記者会見資料

●●●[臨時14/02/15]平成24年度予算案及び予算編成方針


会見を行う末松市長
 
 平成24年度の予算編成の概要につきまして御説明申し上げます。新年度の予算は私が初めて編成する当初予算でございます。私は市民生活の安心と充実を最優先に考え、早急に対応すべき課題についても柔軟に対応しながら、第5次総合計画の集大成となります第3期行財政経営計画の初年度として元気で魅力あふれる力強いまちづくりを進めていくため、積極的な予算を編成いたしました。この中には中長期的な視点に立った調査・研究や設計なども含んでおり、将来に向けて持続可能な都市・鈴鹿を創りあげていくためにも「種」をまくことに配慮し取り組みました。

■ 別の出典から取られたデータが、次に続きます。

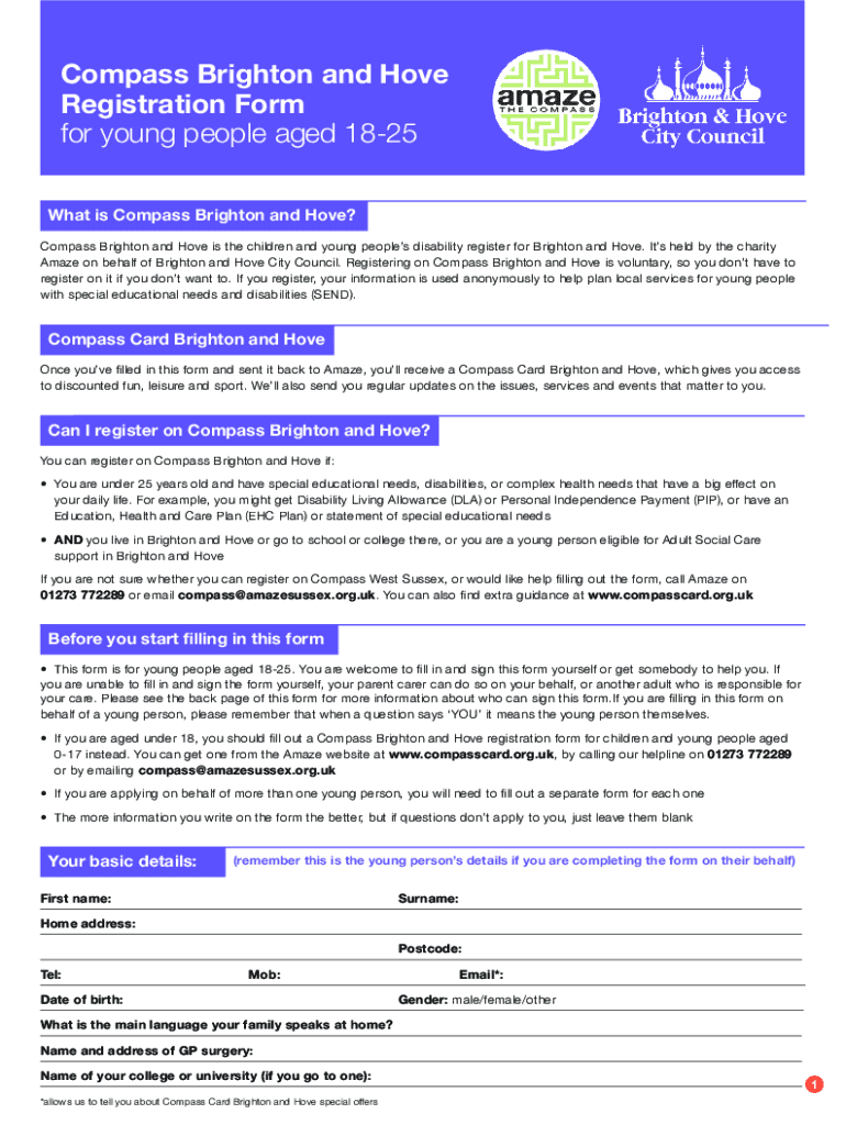 Compass Brighton and Hove is the children and young peoples' disability register for Brighton

 そのため、私は、新年度におきまして次の2点について重点的な取組みを展開しようと考えております。まず、1点目は、特に私が重要と考えました6つの分野、「防災・減災」、「子育て・子育ちの支援」、「幹線道路などの社会資本の整備」、「ものづくり産業の支援と地産地消の進展」、「健康づくりの支援」及び「地域づくりの支援」でございますが、これらを戦略的事業と位置付け、重点的に推進を図ることとしています。次に、2点目は、市制70周年記念事業でございます。本年12月1日に、市制施行70周年を迎えるに当たり、様々な機会を利用して、市民の皆さんが積極的に参加していただけるような記念事業を計上しています。このことが、鈴鹿市の新たな魅力の再発見や、今後のまちづくりの契機につながればと考えております。

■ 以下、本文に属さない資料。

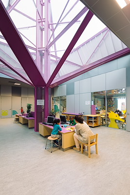Een flexibel binnenwandsysteem van dichte en transparante delen zorgt voor meer openheid. Door een deel van het dak open te werken, ontstond een nieuwe patio die de ruimtes eromheen van daglicht voorziet. Zo kreeg het gebouw een nieuwe indeling, met duidelijke entrees in een transparante gevel. Het is opnieuw fris en functioneel, met respect voor het oorspronkelijke ontwerp.

 それでは、予算編成の前提となります本市の財政状況について申し上げます。未曾有の被害をもたらした東日本大震災の影響は言うまでもなく、タイでの洪水、過去に例を見ない円高の継続、欧州の信用不安など、度重なる社会情勢、景気の変動の影響を受け、市内経済や市民生活にとっては厳しい状況となっております。そのため、歳入の多くを占める市税は、年少扶養控除の廃止等、税制改正に伴う増収を加味いたしましても、固定資産税の評価替えによる大幅な減収などにより、前年度を下回るものと予想しております。一方、歳出につきましては、本市においても年々高齢化が高まるなど、少子高齢社会への対応により福祉関係経費の占める割合が高くなっておりますが、そういう中でも、防災・減災などの市民生活の安心につながる諸施策を充実していく必要があると考えています。それには、歳出の見直しによる経費節減とともに優先して取り組むべき事業の選択を行うことが必要となっています。

 以上のことを踏まえまして、編成いたしました平成24年度の当初予算の概要について説明いたします。一般会計は総額575億9,400万円で、前年度当初に比べて3億7,600万円、0.6%の減でございます。前年度は骨格予算のため、肉付けをしました6月補正後の予算額と比べますと、12億2,860万円、2.1%の減でございます。国における制度改正の影響を受けましての子どものための手当関係費や平成23年11月から供用を開始しました消防庁舎の建設に係る費用が大きく減少する影響もあり、予算規模では前年度よりも減少しておりますが、新たに中学校給食の導入に向けた準備、住宅リフォームに要する費用への補助、高齢者肺炎球菌ワクチン接種費の一部助成や子ども医療費の拡充など、積極的な施策の展開を図ってまいります。

 特別会計の総額は220億6,098万4千円で、前年度当初に比べ72億3,132万2千円、24.7%の減でございます。大きく減少しておりますのは、本議会に上程いたします特別会計条例の一部改正と関連いたしますが、平成23年度末をもちまして福祉資金貸付事業と老人保健の特別会計を廃止し、残務整理を一般会計へ引き継ぐことといたしておりますことや、下水道事業及び農業集落排水事業の特別会計につきまして平成24年度から下水道事業会計として企業会計へ移行することによるものでございます。水道事業会計は78億5,000万円で、前年度当初に比べ3億5,300万円、4.7%の増となっております。下水道事業会計は100億6,093万7千円を計上しており、平成24年度の全会計を合わせますと975億6,592万1千円で、前年度当初に比べて28億661万5千円、3.0%の増でございます。肉付けの6月補正後の合計と比べますと19億5,401万5千円、2.0%の増でございます。

 以上が、平成24年度の予算の概要でございます。